Duryea swung around, elevating one knee to the cushion of the seat so that he could see Gramps to better advantage. “By George,” he said, “you may have something there!”

“You’re ring-ding-tootin’ I’ve got somethin’ there,” Gramps said, “an’ remember that at that time the shades were all drawn. When the body was discovered, the shades were all up an’ the light was burnin’.”

“The murderer could have waited until Sonders and True drove off, then lit the lamp and raised the curtains.”

“Nope,” Gramps said. “The lamp shows that it was lit right around three o’clock. That lamp ain’t doin’ any lyin’... I tell you the murderer made two trips to that cabin... Now, take a look at that suicide note. The printin’ on it was cut from a newspaper that didn’t get to Petrie until after nine o’clock in the evenin’. That suicide note took a little thought to work out — an’ a little time... Not much thought an’ not too much time, but some.”

“What are you getting at?” Lassen asked.

“That there suicide note was planted when the murderer made the second trip to the cabin. An’ somethin’ happened to frighten the murderer, so that he never stayed long enough to make the lamp burn right, an’ keep the chimney from smokin’... That was right about three o’clock in the mornin’. Now I’ll tell you what that somethin’ was. It was that girl, Eva Raymond, came out to try an’ use a little soft soap on Pressman an’ put in a good word for her boyfriend — with maybe a couple of good words for herself. She came up on the porch, saw the body, screamed, and ran pell-mell. That’s when she dropped her compact... It had to be that way. An’ the murderer had to be in there, right at that time.”

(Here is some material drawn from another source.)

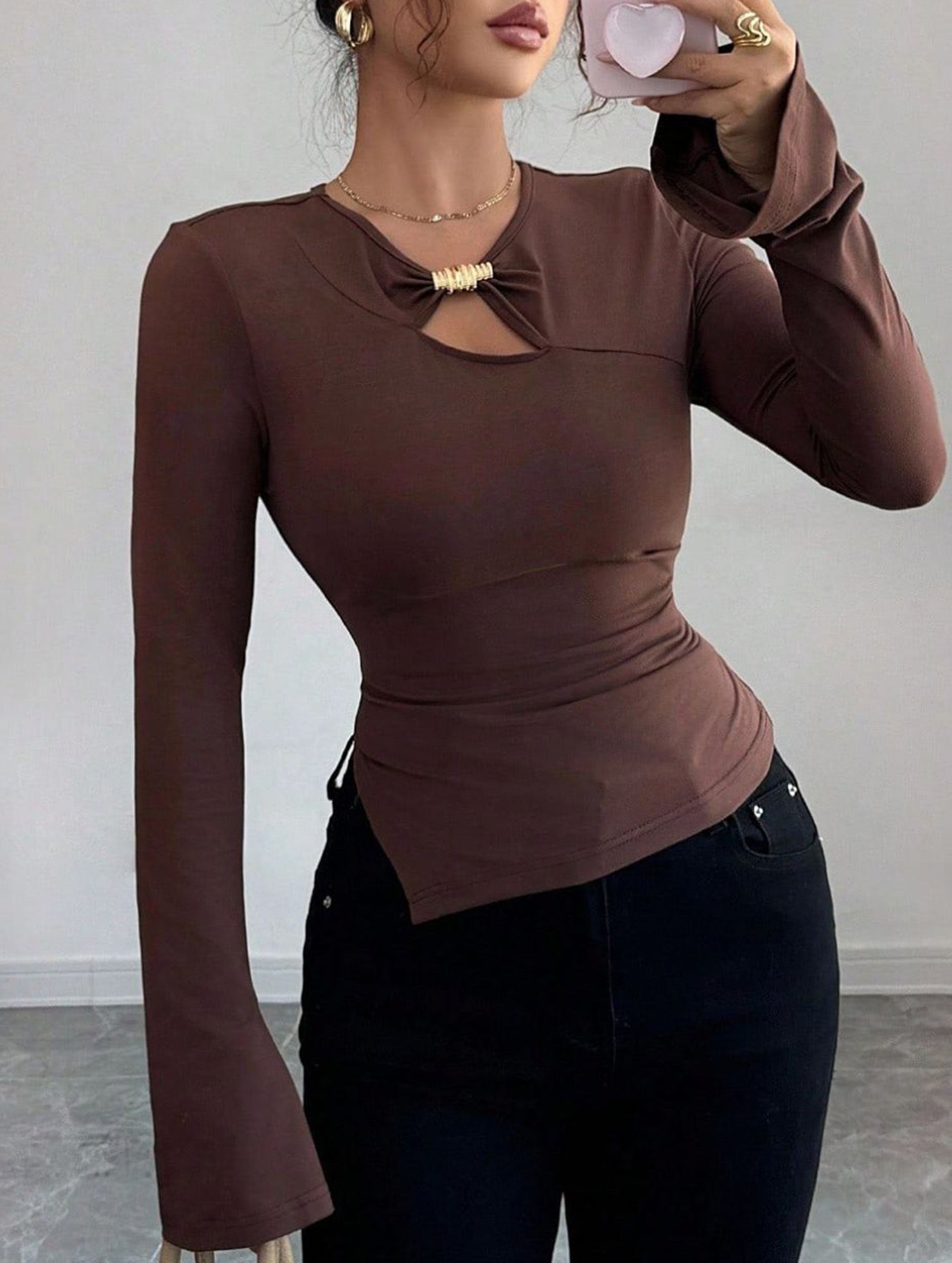 Asymmetrical openwork metal-decorated shirt

Duryea said in a crisp, businesslike tone: “All right, Gramps, let’s quit stalling. Where’s Eva Raymond?”

“She’s in that cabin,” Gramps said sheepishly. “I was sorta makin’ a little test.”

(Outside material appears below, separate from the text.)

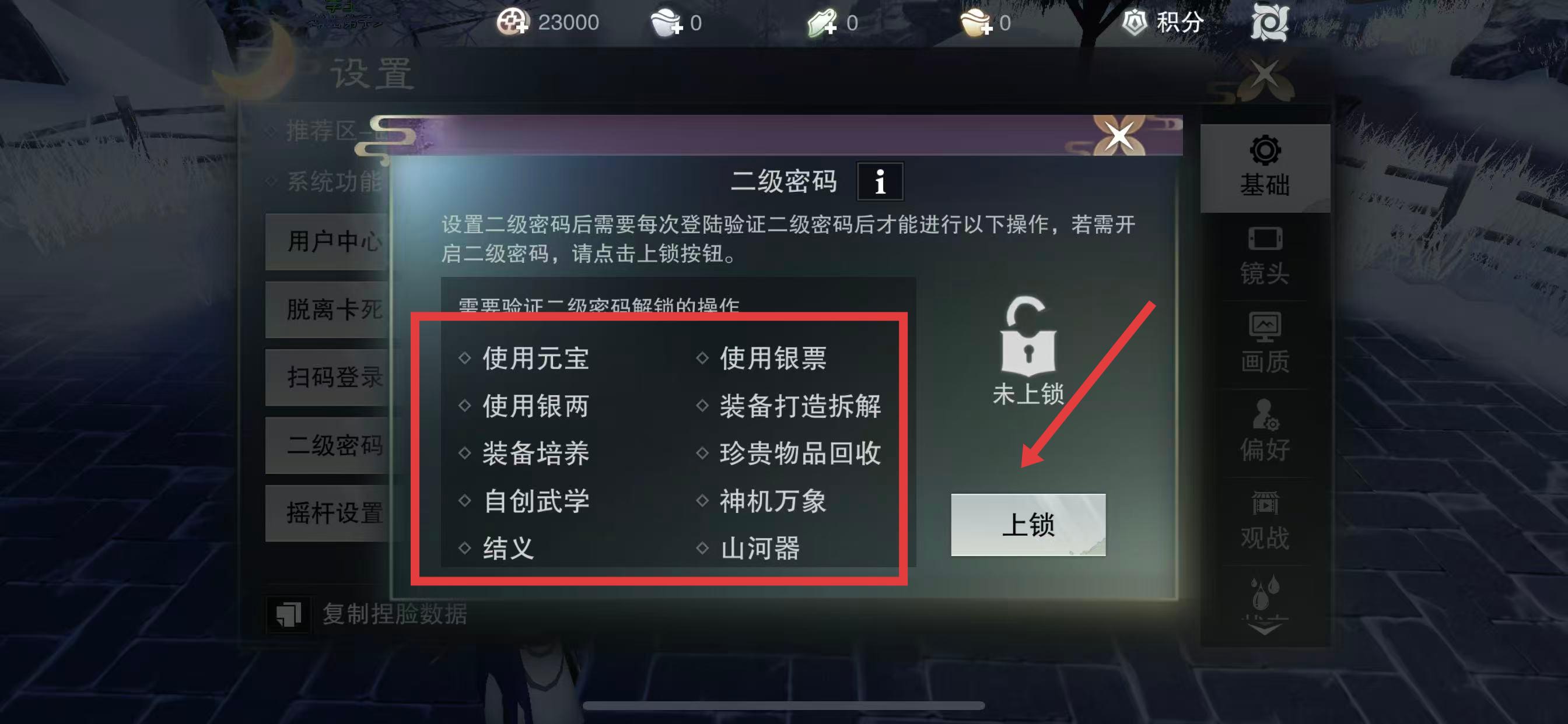 4、對使用元寶、銀兩、裝備打造拆解等操作進(jìn)行限制,點(diǎn)擊上鎖按鈕。

Duryea said: “Take the handcuffs off of him, Borden. All right, Pete, let’s get going... It’s a crackpot theory, but it might hold water.”

“Crackpot nothin’,” Gramps sputtered. “It’s logic, cold, hard, remorseless logic. You can’t get away from it in a hundred years, not in a million years... And I tell you somethin’ else. The only way you’ve got of makin’ that murderer betray himself is through this Eva Raymond. He ain’t sure but what she saw him through the open window. That’s the thing that’s scaring him stiff. He’s got his tracks all covered except for that one thing.”

“It would have simplified matters a lot if Eva Raymond had told me the truth,” Duryea said dryly.

Gramps rushed to her rescue. “Now you can’t be too hard on that little girl,” he said. “She’s had to make her own way in the world ever since—”

It was Milred’s bell-like laughter that interrupted him. “Remember what I told you,” she said to her husband. “In dealing with a male Wiggins, cherchez la femme.”